Mam na imię Violetta Każdą wolną chwilkę poświęcam robótkom wszelkiej maści czyli robię to co lubię

niedziela, 12 lutego 2012

dzień 12

Dzień 12 prezent związany z rękodziełem.


Mogę się pochwalić kiedyś w wymiance z forum u Maranty dostałam taką śliczną frywolitkową serwetkę od Ani dla mnie frywolitka to czarna magia...
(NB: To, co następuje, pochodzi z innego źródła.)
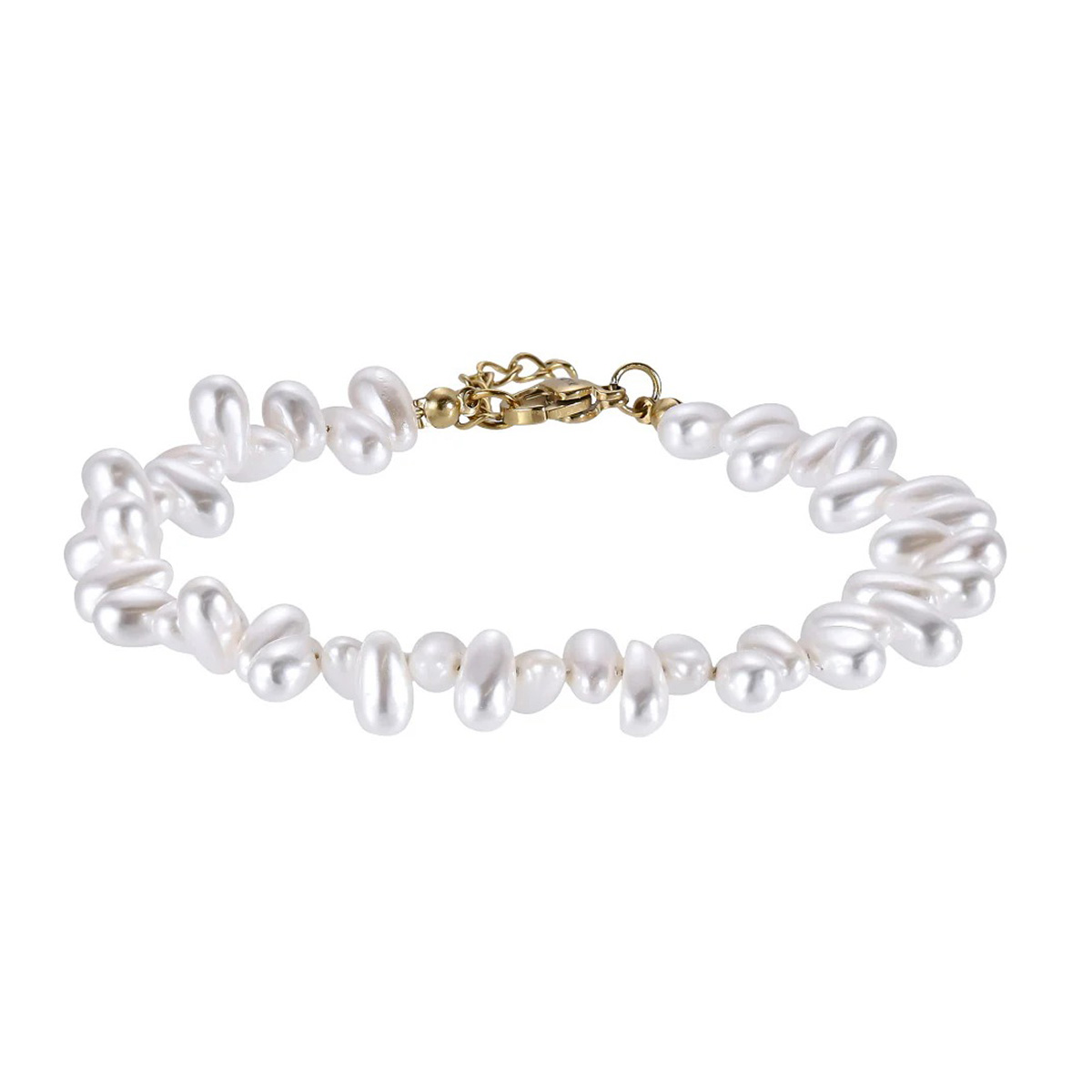 Lykken Trend steel bracelet with freshwater pearls 18+2 cm

Moja córcia od znajomej dostała takiego haftowanego zajączka, oj było to bardzo dawno temu kiedy jeszcze sama nie potrafiłam haftować. I to właśnie ta zanjoma pokazała mi jak stawiać pierwsze krzyżyki za co jej bardzo dziekuję :))



O to mój prezencik na Walentynki od meżusia to też prezent związany z rękodziełem :))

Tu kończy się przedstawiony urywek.